Fracking hazardous to New Yorkers’ health – Times Union

Fracking hazardous to New Yorkers’ health – Times Union.

Fracking hazardous to New Yorkers’ health

Published 11:13 p.m., Tuesday, April 24, 2012

The state Senate Democrats are holding a forum today on the health effects and other consequences of hydrofracking. That’s important, because the science is clear. Fracking will cause serious health issues for New Yorkers.

Truck traffic is one reason. With each gas well requiring more than 1,000 truck trips, it is a certainty that our roads will be filled with 18-wheelers hauling water, hazardous materials, drill cuttings and toxic waste.

Indeed, the number of additional truck trips will be a digit with at least six zeroes after it.

Exhaust-spewing convoys will grind past homes where pregnant women sleep, school yards where children play, crosswalks where grandparents wait. New York is the third-most populous state in the union. Fill it with tailpipes, and you have big public health consequences.

In the last few months alone, multiple studies revealed the risks that come with air pollution.

First came a study in the International Journal of Environmental Research and Public Health showing how exposure to smog in early pregnancy increases the risk of premature birth — just like cigarette smoking. (Pre-term birth is the leading cause of disability in the United States.)

Next, studies in Archives of Internal Medicine and Journal of the American Medical Association revealed that exposure to roadway pollutants triggers heart attack and stroke and accelerates memory loss among older women. In essence, breathing crummy air is the equivalent of aging your brain by two years.

Meanwhile, a team in California put an $18 million price tag on the medical costs of traffic-related asthma in children — in just two cities alone.

In short, the traffic pollution that fracking will bring is linked to some very expensive problems. These findings have relevance to the question of whether natural gas extraction via horizontal hydrofracturing should be permitted in New York.

Gas wells also emit smog-making fumes. A new University of Colorado study finds that people living near fracking operations can be exposed to air pollutants five times higher than the federal hazard standard. (One of these pollutants is benzene, a proven cause of birth defects and leukemia.)

But none of the above studies appears in the revised draft Supplemental Generic Environmental Impact Statement that is the state’s planning document for fracking. Astonishingly enough, the revised draft does not assess fracking’s impact on health.

And while the Assembly added a $100,000 study on fracking’s health impacts to its version of the state budget, the oil and gas industry and their lobbyists were able to keep the study out of the final budget.

Recently, I made a big decision when I received a $100,000 Heinz Award for my work on environmental health.

Using the prize as seed money, I convened a coalition of citizens and businesses determined to blaze a sustainable trail. We call ourselves New Yorkers Against Fracking.

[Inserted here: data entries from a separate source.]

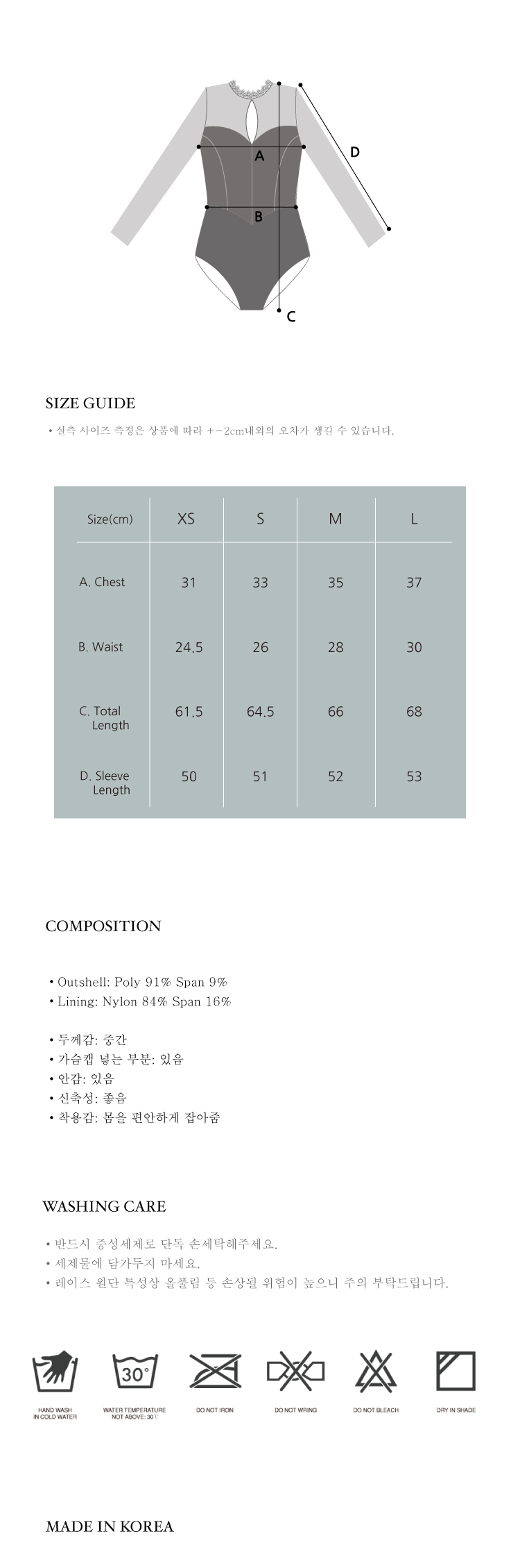 블랙 레이스와 누드 톤의 조합이 아름다운 레오타드입니다. 홀터 네크라인은 레이스로 포인트를 주었고, 소매는 신축성 있는 메쉬 소재로 제작되어 불편함 없이 더욱 우아한 움직임을 완성합니다. 이 레오타드는 스포츠 브라 패드를 넣을 수 있는 인서트를 제공합니다. • 겉감: NYLON 83 SPAN 17% • 안감: NYLON 87% SPAN 13%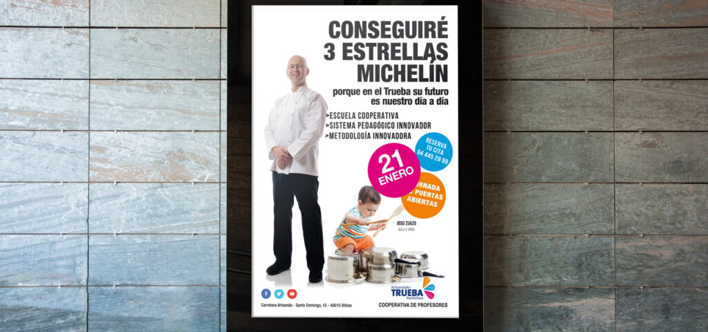Colegio Trueba Prepara hoy a los niños del futuro. La campaña de La Central Badiola se desarrolló en base a que el Colegio Trueba prepara hoy a los niños del futuro. Para promocionar el día de puertas abiertas del Colegio Trueba e incentivar las matriculaciones para el nuevo curso, se realizaron: cuñas de radio, anuncios en prensa, carteles y flyers, se vinilaron autobuses, se realizó una acción de street márketing y fueron colocados oppis en el metro.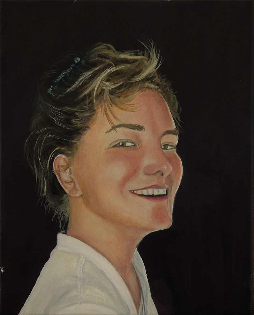 Ma dernière réalisation, en cours de finition, est le portrait de ma fille. Une huile sur une toile de 24 par 30.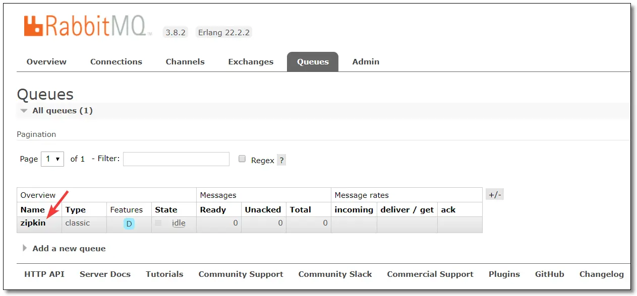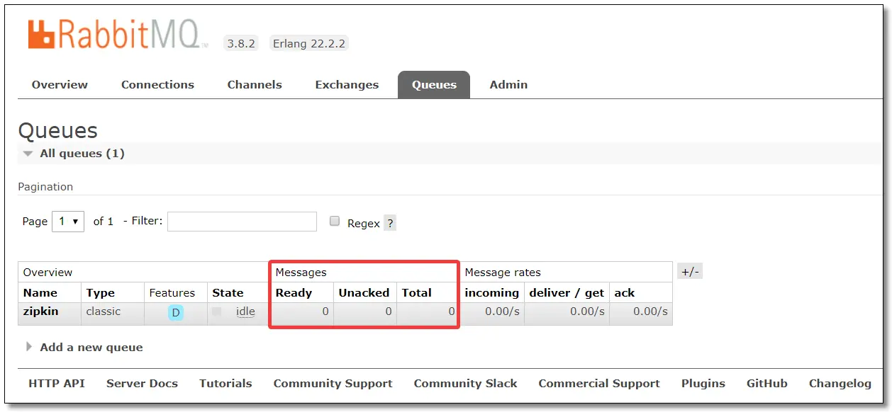 访问:http://192.168.10.101:15672/#/queues 可以看到已经创建好了 zipkin 队列。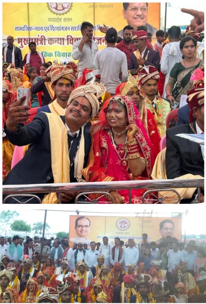 मुख्यमंत्री कन्या विवाह योजना के अंतर्गत बाड़ी जनपद की ग्राम पंचायत नयागांव में आयोजित सामूहिक विवाह कार्यक्रम में 62 जोड़ों का विवाह सम्पन्न हुआ। मुख्यमंत्री श्री शिवराज सिंह चौहान द्वारा वर्चुअली सभी जोड़ों को आर्शीवाद दिया गया तथा उपस्थित जनसमूह को संबोधित किया गया। साथ ही मिशन लाइफ अंतर्गत सभी जोड़ों, जनप्रतिनिधियों, अधिकारियों तथा नागरिकों को पर्यावरण संरक्षण की शपथ दिलाई गई।
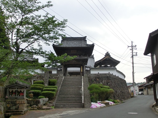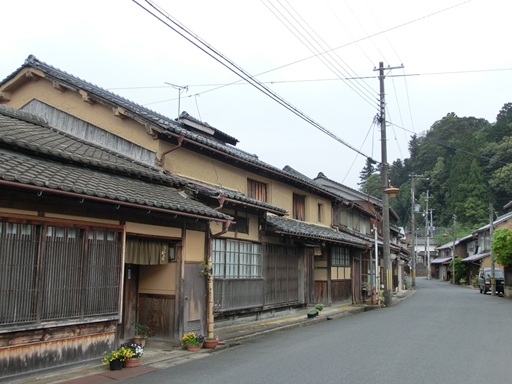The bell tower gate of Jissoji Temple, located at the top of stone steps, was impressive. Old houses line the road leading north from Jissoji Temple. This road is called "Chirimen Kaido", the road of crepe. Before the Kayo Railway opened, "Tango Chirimen", silk crepe produced in Tango Area, was likely transported along the road to Kyoto.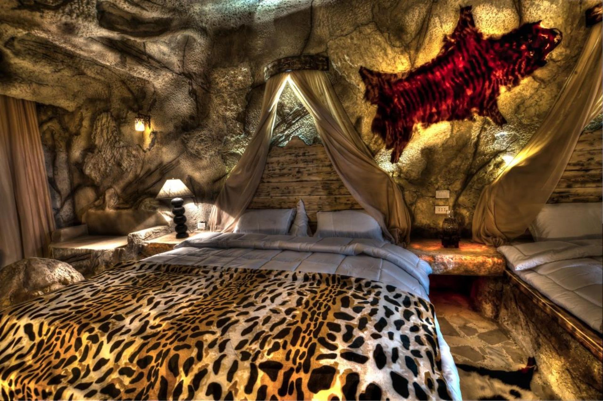 Всички стаи са в изцяло пещерен стил с висококачествено покритие и изработени от дърво и скала. Хотелът разполага с общо 380 стаи, разположени на 1 етаж (включително приземен) в основната сграда и на 4 етажа в странични сгради (включително приземен), от които 238 STANDARD ROOMS (78 с изглед градина – 40 m2, 145 с изглед басейн – 40 m2; 15 изглед море - 40 m2), 99 DELUXE ROOM POOL VIEW (55 m2), 6 DELUXE ROOM SEA VIEW (55 m2), 60 ROYAL CAVES SWIM UP. Всички стаи са оборудвани с климатик, телевизор, телефон, баня с душ/вана, сешоар, минибар (ежедневно зареждане на вода), сет за чай/кафе, балкон/тераса. Почистване на стаите и смяна на кърпите - всеки ден, смяна на спално бельо – 2 пъти в седмицата.

Now I would like the governor to make a big decision. Be as bold as the president of France, who halted fracking in his nation on the grounds that demonstration of safety does not yet exist. Be as sensible as U.S. economist Sylvia Brandt, who has asserted, “To have a healthy economy, we have to have a healthy population.”

Governor Cuomo, you have an opportunity to stand up for the health of New Yorkers. Please join us in saying that New York can’t afford the problems that fracking will bring.

Sandra Steingraber is a distinguished scholar in residence at Ithaca College.